Dat het met de positie van vrouwen en meisjes wereldwijd niet rooskleurig is gesteld zien wij bijna dagelijks is de media. Toch is er in de afgelopen decennia de nodige vooruitgang geboekt. Dit mede dankzij de inzet van de wereldwijde vrouwenbeweging.
Sinds de Verenigde Naties in 1975 het decennium voor de vrouw uitriepen met als motto ‘Gelijkheid, Ontwikkeling en Vrede’, zijn er vier VN vrouwenconferentie gehouden.

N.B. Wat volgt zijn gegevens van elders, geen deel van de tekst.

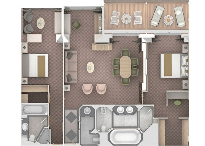 | S2 - Silver Suite 2 104 m² (včetně balkona). 2 ložnice, 2 koupelny, obývací a jídelní část. | 636 392 Kč 636 392 Kč za osobu |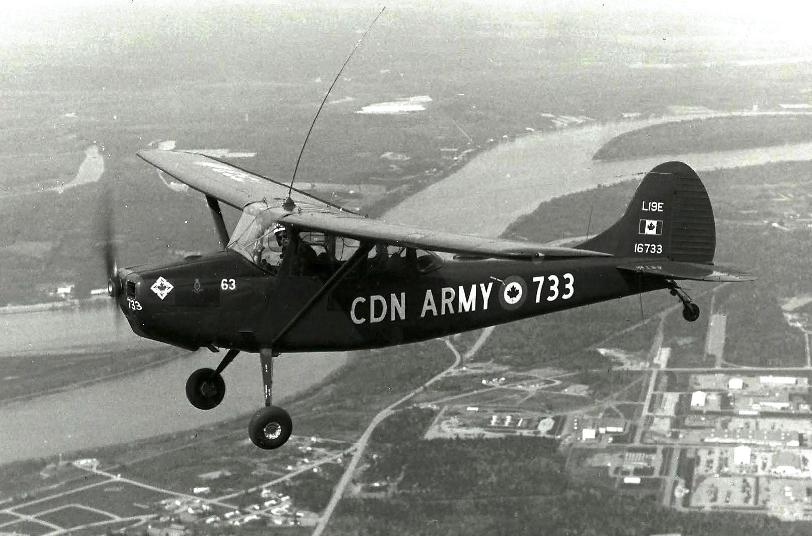 Cessna L-19E Bird Dog (Serial No. 16733), Canadian Army, Royal Canadian Artillery Spotter aircraft in flight over CFB Gagetown, July 1973.  (Photo courtesy of the Shearwater Aviation Museum)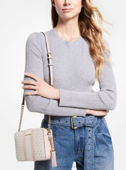 Lisätarvikkeet Michael Kors ginny medium logoraitainen crossbody laukku vanilja/pehmeä pinkki naiset Z682752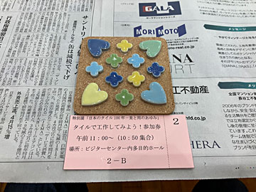 ワークショップ「タイルで工作してみよう!」11:00~の参加券をもらいました。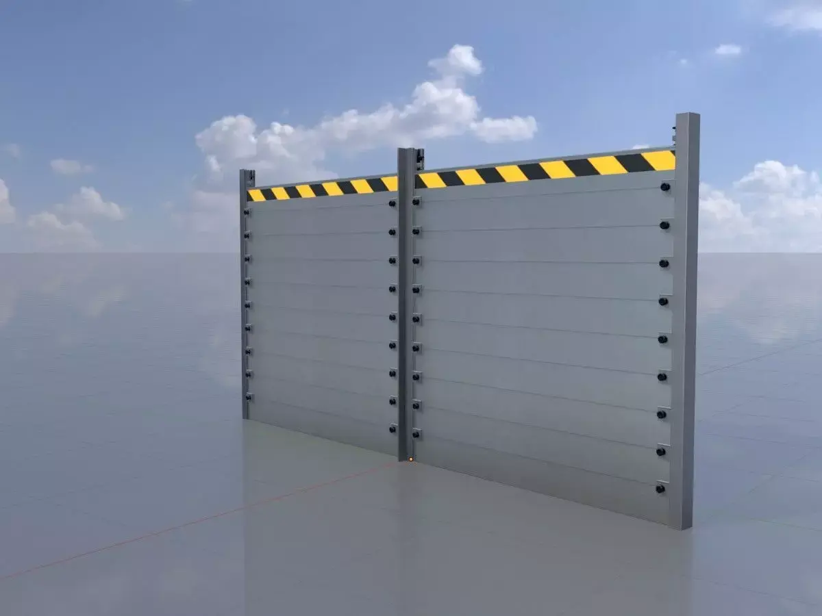 - Hier sehen Sie ein 3D-Modell einer aus Aluminium bestehenden Hochwasserschutzwand.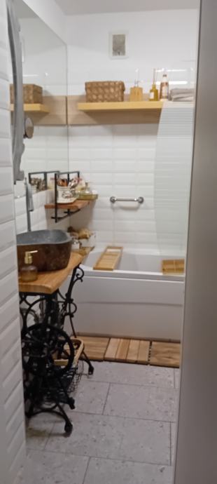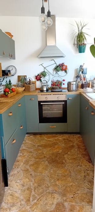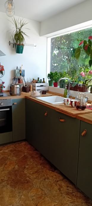 Nova moderna mat sage Ikea kuhinja sa svim uređajima, retrochic kupaonica, soba s walk in garderobom; grijanje mramoterm pločama i novom inverter klimom + dmnjak u funkciji.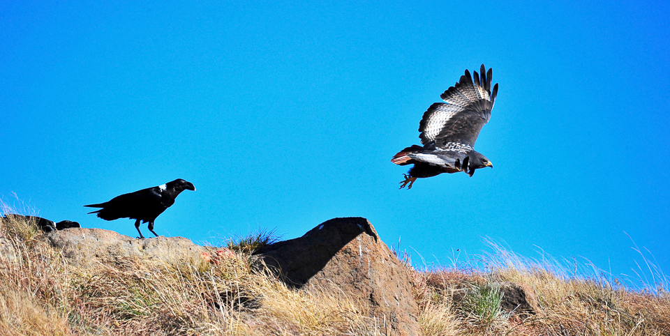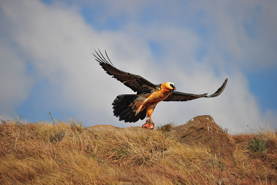 Jeremiah, the Witsieshoek ‘bird-whisperer', places bones from the restaurant kitchen at a specific site close to the newly refurbished chalets in the mornings (weather permitting) to draw the incredibly handsome Bearded Vultures closer, making it an ideal place to photograph these magnificent creatures.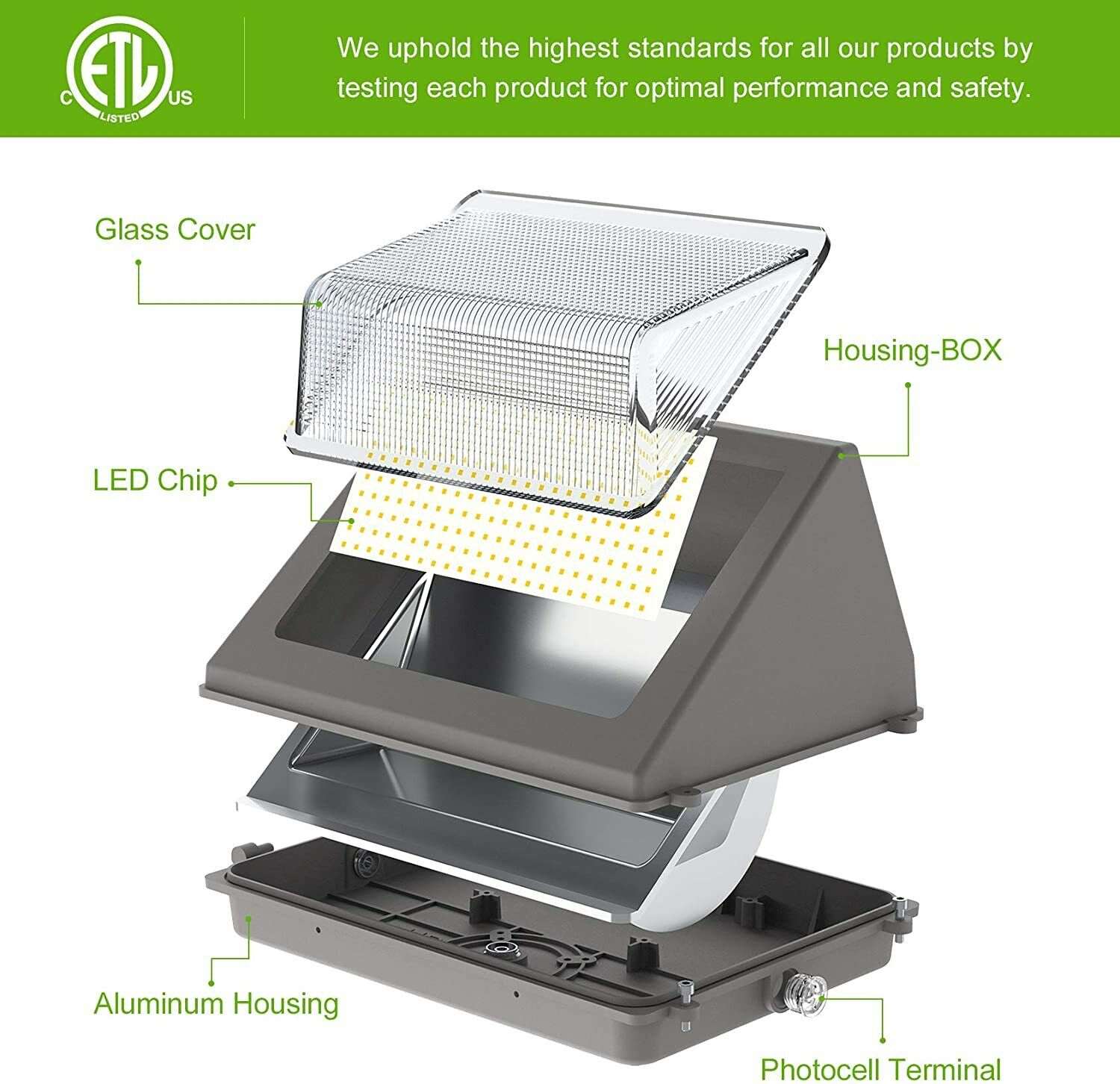 120W LED Wall Pack with Photocell Outdoor ETL 120-277V 5000K 15600LM IP65 Wallpack Glass Cover Waterproof Dusk to Dawn Lighting
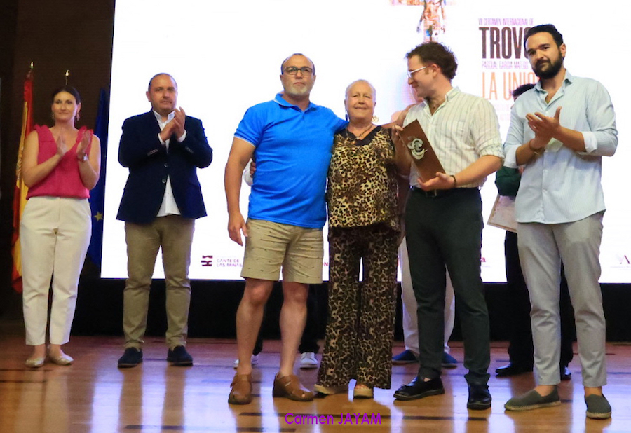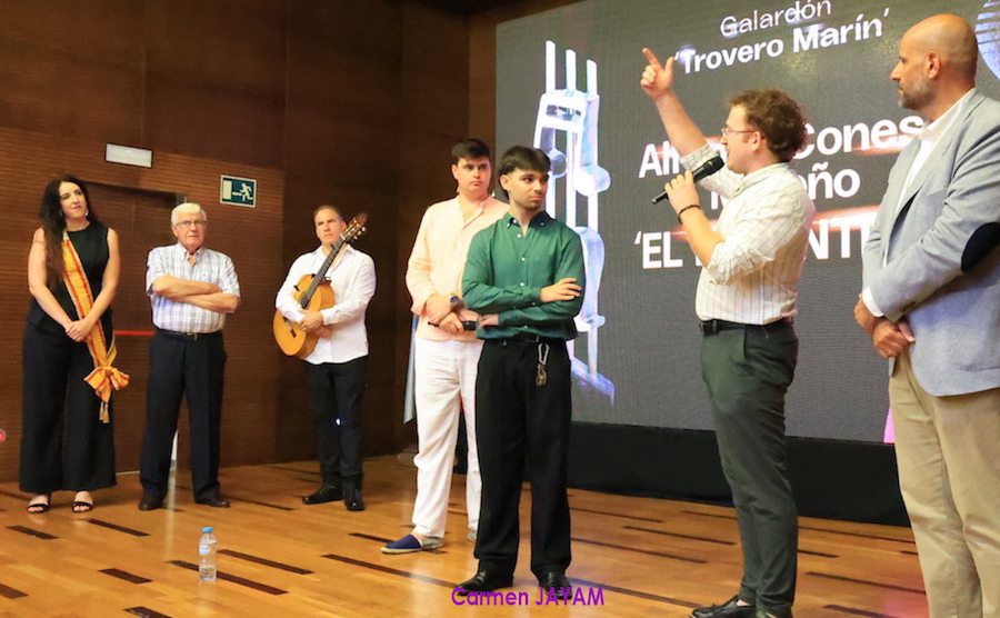 Otro momento para recordar fue cuando el alcalde y presidente de la Fundación del Cante de las Minas, Joaquín Zapata, fue a entregar el premio 'Ángel Cegarra-Conejo II' al vencedor, Juan Diego Celdrán, proponiendo entonces a su nuera, Sara, quien se encontraba entre el público, que protagonizase la entrega. Subió acompañada de Juan Manuel Cegarra Pedreño, nieto del recordado trovero que nos dejó hace quince años, quien también ofreció un fugaz y emotivo trovo.

De eerste in 1975 in Mexico, de tweede in 1980 in Kopenhangen, de derde in 1985 in Nairobi en de vierde, tot nu toe de laatste, in 1995 in Beijing.
Deze conferenties hebben een belangrijke bijdrage geleverd om regeringsleiders te overtuigen om beleid te ontwikkelen voor een gelijkwaardige positie van vrouwen en meisjes.
Belangrijk zijn ook twee stevige internationale verdragen, mijlpalen in de geschiedenis van de vrouwenbeweging en waar regeringen op aangesproken kunnen worden.
PV&DV zet zich in deze op de politieke agenda te houden en liefst zo hoog mogelijk

VN-Vrouwenverdrag
Dit verdrag gaat over het uitbannen van “elke vorm van onderscheid, uitsluiting of beperking op grond van geslacht, die tot gevolg of tot doel heeft de erkenning, het genot of de uitoefening door vrouwen van de rechten van de mens en de fundamentele vrijheden op politiek, economisch, sociaal of cultureel gebied, op het terrein van de burgerrechten of welk ander gebied dan ook, ongeacht hun echtelijke staat, op de grondslag van gelijkheid van mannen en vrouwen aan te tasten of teniet te doen”.

Staten die het verdrag hebben ondertekend (dat zijn bijna alle landen) verplichten zich om ‘passende maatregelen’ te nemen om geweld en discriminatie van vrouwen een halt toe te roepen.

Het verdrag van Istanbul
Dit is een mensenrechtenverdrag van de Raad van Europa  tegen geweld tegen vrouwen en huiselijk geweld met als doel de preventie van geweld, de bescherming van (potentiële) slachtoffers en ‘naar het beëindigen van de straffeloosheid van de daders’.